- [PROBLEM DESCRIPTION]: Below are the records. Retype, exactly, the lines from the first through the line with "Nos encontramos en", and leave out the pictures.

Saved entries

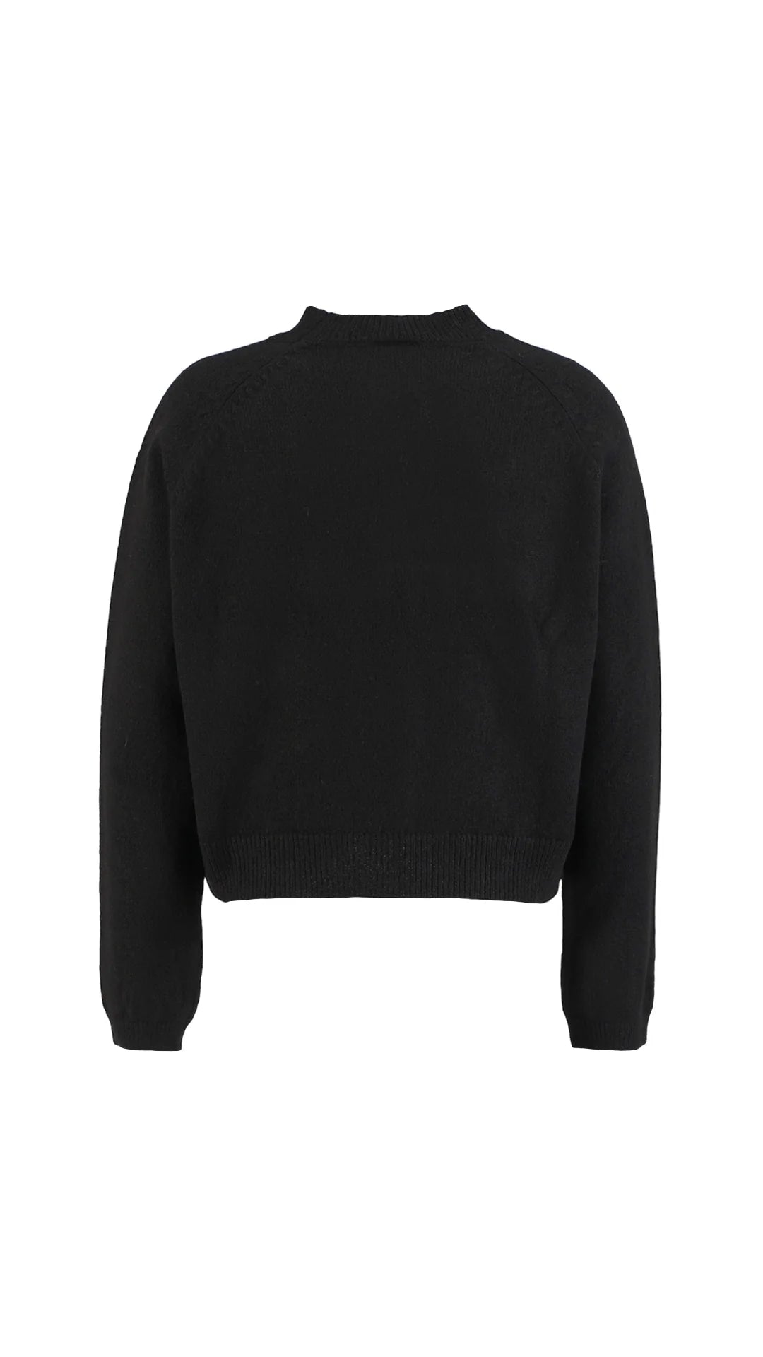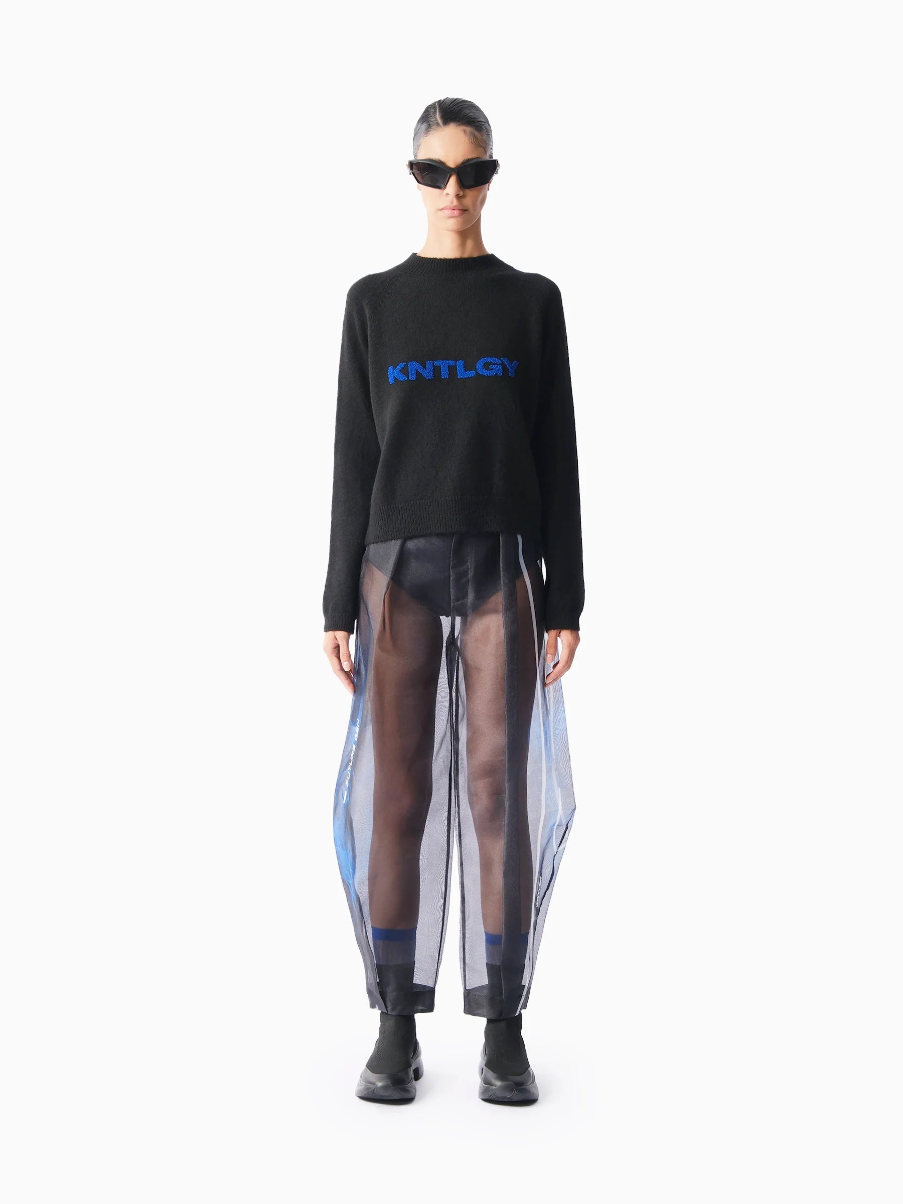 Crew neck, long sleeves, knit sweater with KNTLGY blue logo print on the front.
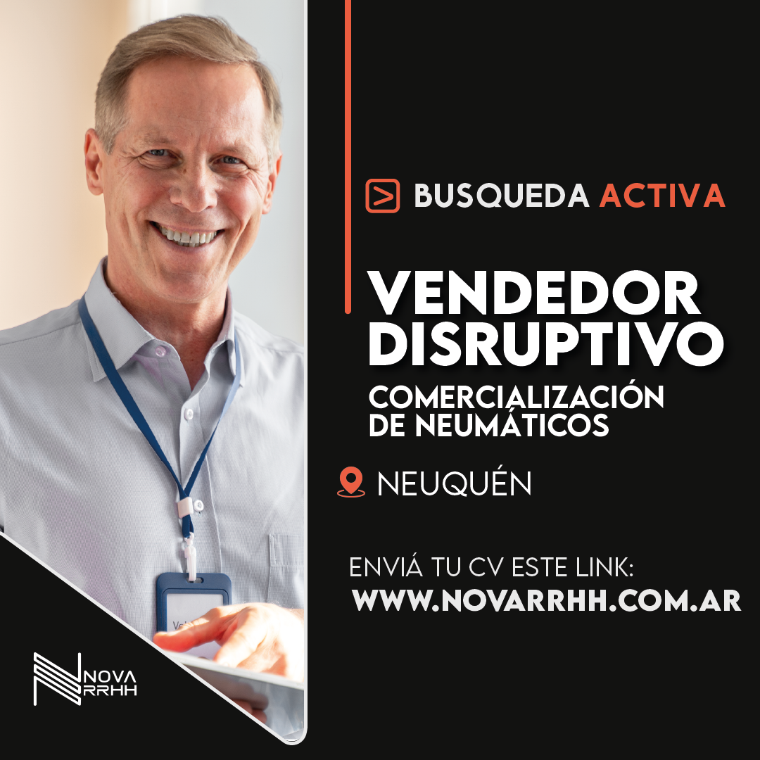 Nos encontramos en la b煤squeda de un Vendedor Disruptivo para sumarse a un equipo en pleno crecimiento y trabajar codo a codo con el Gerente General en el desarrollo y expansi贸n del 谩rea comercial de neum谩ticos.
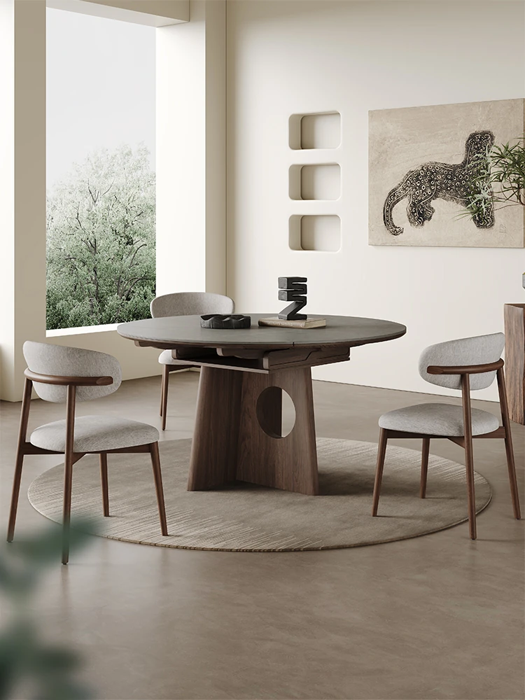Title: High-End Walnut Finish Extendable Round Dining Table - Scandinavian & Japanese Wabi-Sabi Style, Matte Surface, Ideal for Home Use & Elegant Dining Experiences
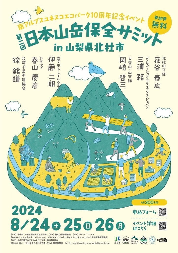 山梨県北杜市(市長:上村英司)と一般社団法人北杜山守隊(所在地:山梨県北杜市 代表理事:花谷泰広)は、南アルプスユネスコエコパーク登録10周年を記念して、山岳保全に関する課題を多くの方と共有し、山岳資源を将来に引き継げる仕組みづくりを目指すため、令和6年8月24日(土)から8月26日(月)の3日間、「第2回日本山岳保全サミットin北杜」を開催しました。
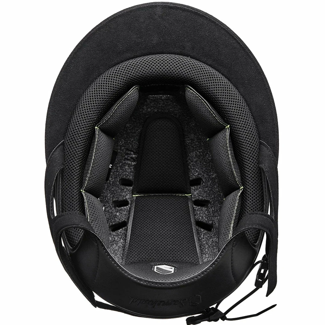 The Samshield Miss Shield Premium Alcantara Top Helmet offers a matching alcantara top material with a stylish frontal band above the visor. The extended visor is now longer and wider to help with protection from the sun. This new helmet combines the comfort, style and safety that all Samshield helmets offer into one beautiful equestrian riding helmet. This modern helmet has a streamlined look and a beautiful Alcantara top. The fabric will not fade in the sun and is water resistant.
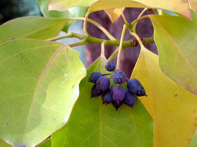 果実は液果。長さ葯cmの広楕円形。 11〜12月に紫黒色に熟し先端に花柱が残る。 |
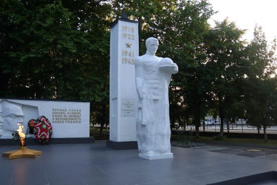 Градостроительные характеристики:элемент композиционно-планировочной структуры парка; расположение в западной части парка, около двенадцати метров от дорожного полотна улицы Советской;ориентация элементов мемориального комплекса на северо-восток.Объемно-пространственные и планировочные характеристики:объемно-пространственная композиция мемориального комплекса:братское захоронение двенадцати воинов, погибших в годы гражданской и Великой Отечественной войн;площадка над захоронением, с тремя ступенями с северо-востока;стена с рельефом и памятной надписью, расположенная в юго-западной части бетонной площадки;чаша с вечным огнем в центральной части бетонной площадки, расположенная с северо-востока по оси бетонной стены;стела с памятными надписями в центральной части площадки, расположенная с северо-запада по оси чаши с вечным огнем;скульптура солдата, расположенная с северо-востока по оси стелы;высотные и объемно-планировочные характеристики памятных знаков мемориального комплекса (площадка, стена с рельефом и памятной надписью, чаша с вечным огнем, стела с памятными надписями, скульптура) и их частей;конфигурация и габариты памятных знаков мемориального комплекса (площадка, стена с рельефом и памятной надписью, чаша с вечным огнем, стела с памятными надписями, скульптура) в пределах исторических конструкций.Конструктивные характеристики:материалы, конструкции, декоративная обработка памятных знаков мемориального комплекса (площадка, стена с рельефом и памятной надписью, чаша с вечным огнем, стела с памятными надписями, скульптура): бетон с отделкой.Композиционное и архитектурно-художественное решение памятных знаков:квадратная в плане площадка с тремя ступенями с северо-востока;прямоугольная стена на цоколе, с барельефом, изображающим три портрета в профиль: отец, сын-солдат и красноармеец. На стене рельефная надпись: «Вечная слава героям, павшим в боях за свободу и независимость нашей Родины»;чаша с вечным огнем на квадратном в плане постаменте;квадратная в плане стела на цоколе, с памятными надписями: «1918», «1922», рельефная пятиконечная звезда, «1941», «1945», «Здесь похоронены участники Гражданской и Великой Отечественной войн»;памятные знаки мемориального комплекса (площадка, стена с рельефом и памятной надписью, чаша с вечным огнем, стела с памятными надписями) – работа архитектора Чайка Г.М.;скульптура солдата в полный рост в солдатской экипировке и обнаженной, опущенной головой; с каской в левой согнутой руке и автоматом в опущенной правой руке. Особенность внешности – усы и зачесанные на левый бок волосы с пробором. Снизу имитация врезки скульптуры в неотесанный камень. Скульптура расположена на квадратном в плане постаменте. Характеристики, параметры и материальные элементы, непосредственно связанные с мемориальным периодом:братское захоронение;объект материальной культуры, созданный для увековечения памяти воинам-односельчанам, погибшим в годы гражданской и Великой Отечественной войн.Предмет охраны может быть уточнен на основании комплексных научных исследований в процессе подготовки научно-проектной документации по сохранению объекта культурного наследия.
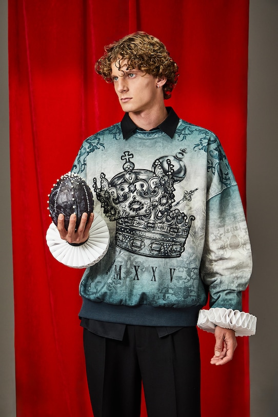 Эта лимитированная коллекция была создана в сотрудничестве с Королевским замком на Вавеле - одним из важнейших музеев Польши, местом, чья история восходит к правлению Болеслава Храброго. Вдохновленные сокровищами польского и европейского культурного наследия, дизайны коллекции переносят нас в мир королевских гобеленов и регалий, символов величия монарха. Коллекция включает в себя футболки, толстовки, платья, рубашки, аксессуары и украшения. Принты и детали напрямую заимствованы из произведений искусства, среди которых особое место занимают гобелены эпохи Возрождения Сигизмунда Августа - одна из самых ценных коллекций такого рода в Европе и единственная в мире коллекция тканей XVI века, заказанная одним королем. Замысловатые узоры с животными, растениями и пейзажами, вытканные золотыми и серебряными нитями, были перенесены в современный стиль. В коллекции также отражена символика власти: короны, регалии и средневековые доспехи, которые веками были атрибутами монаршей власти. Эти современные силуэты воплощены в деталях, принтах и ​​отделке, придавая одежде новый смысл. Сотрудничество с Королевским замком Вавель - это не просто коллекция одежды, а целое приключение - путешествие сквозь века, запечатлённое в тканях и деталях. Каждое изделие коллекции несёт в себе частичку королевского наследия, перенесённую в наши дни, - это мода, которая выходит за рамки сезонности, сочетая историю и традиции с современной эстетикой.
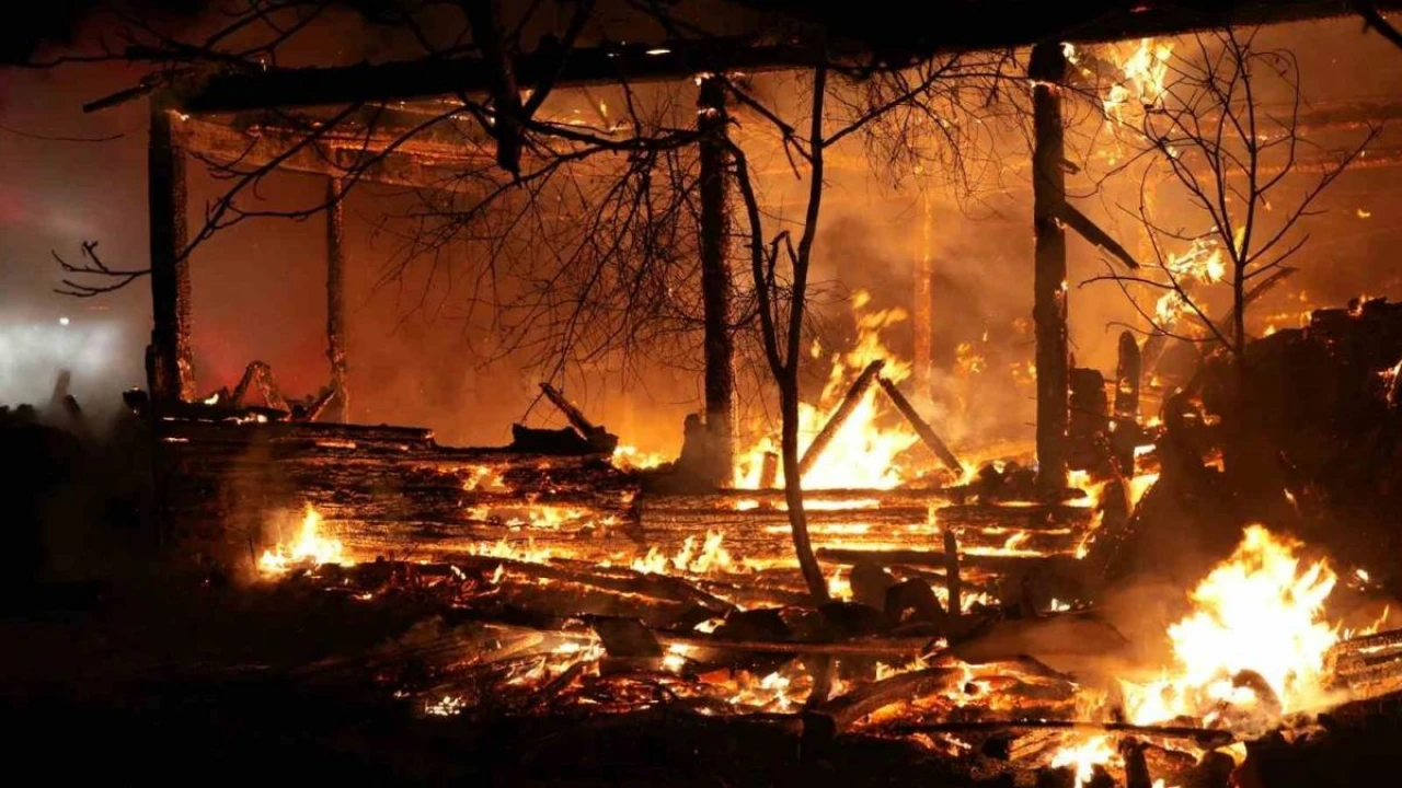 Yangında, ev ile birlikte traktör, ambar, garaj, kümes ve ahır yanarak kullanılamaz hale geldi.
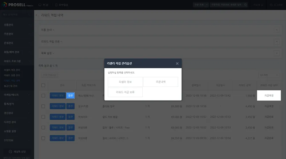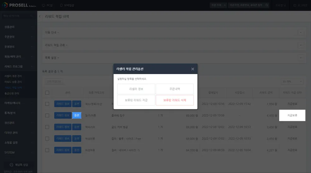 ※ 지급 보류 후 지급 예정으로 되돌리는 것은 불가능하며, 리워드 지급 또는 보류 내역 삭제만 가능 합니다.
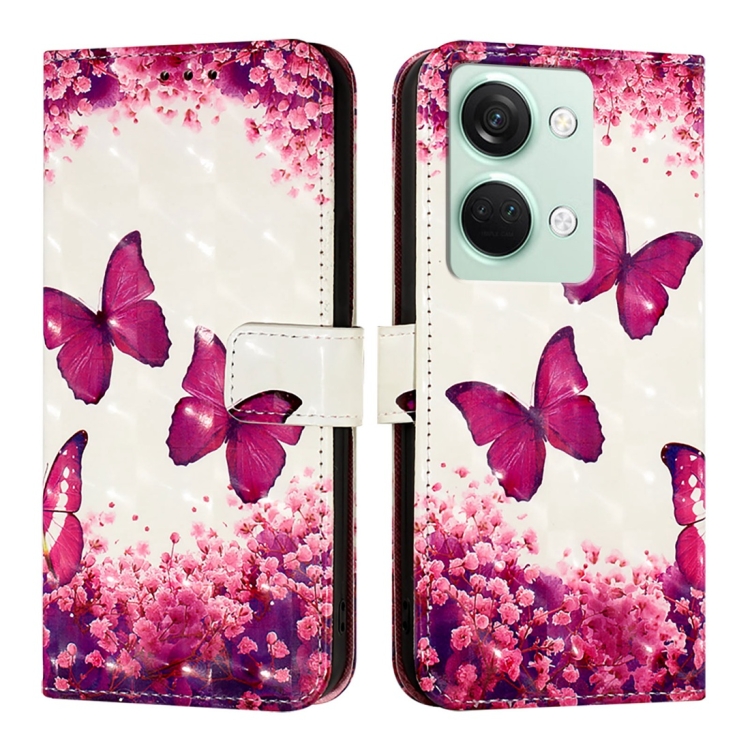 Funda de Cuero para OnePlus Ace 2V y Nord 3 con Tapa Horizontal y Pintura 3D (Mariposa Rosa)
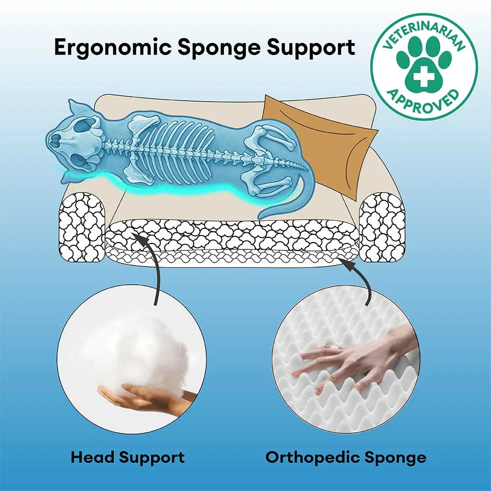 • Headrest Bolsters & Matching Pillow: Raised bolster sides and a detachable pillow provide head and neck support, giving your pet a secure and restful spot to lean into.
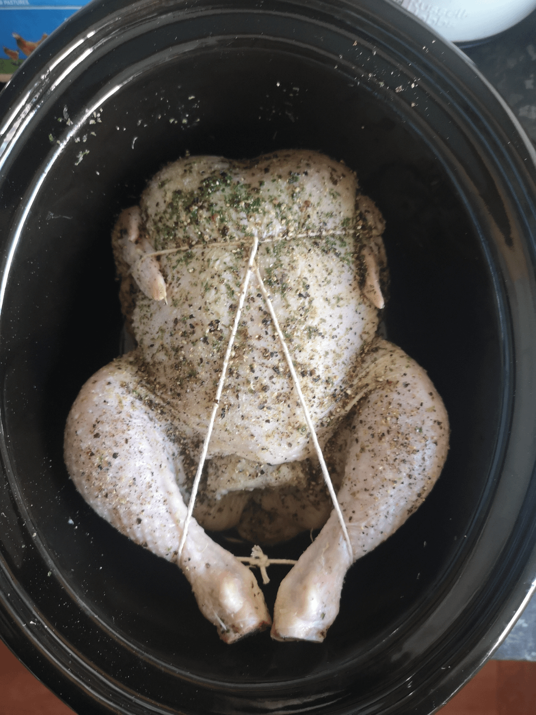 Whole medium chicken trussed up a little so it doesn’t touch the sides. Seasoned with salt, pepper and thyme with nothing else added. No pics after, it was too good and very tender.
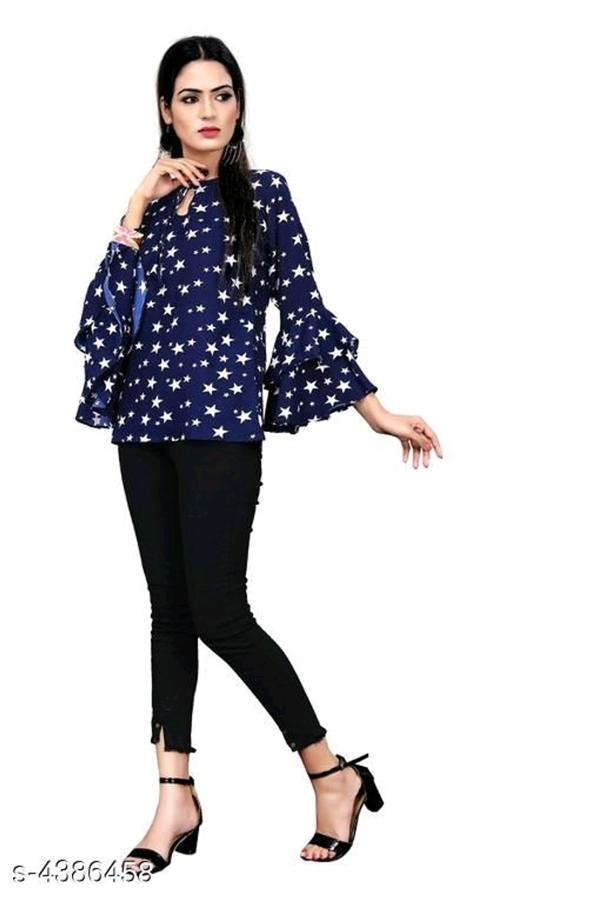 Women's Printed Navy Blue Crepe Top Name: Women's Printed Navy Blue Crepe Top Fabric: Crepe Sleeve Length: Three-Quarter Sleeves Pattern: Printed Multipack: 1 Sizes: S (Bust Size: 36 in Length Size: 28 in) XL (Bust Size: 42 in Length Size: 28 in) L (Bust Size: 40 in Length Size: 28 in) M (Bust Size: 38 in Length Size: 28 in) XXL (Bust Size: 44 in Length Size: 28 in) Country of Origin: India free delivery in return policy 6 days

- [RESULT OF THE TASK]:
 Crew neck, long sleeves, knit sweater with KNTLGY blue logo print on the front.
 Nos encontramos en la b煤squeda de un Vendedor Disruptivo para sumarse a un equipo en pleno crecimiento y trabajar codo a codo con el Gerente General en el desarrollo y expansi贸n del 谩rea comercial de neum谩ticos.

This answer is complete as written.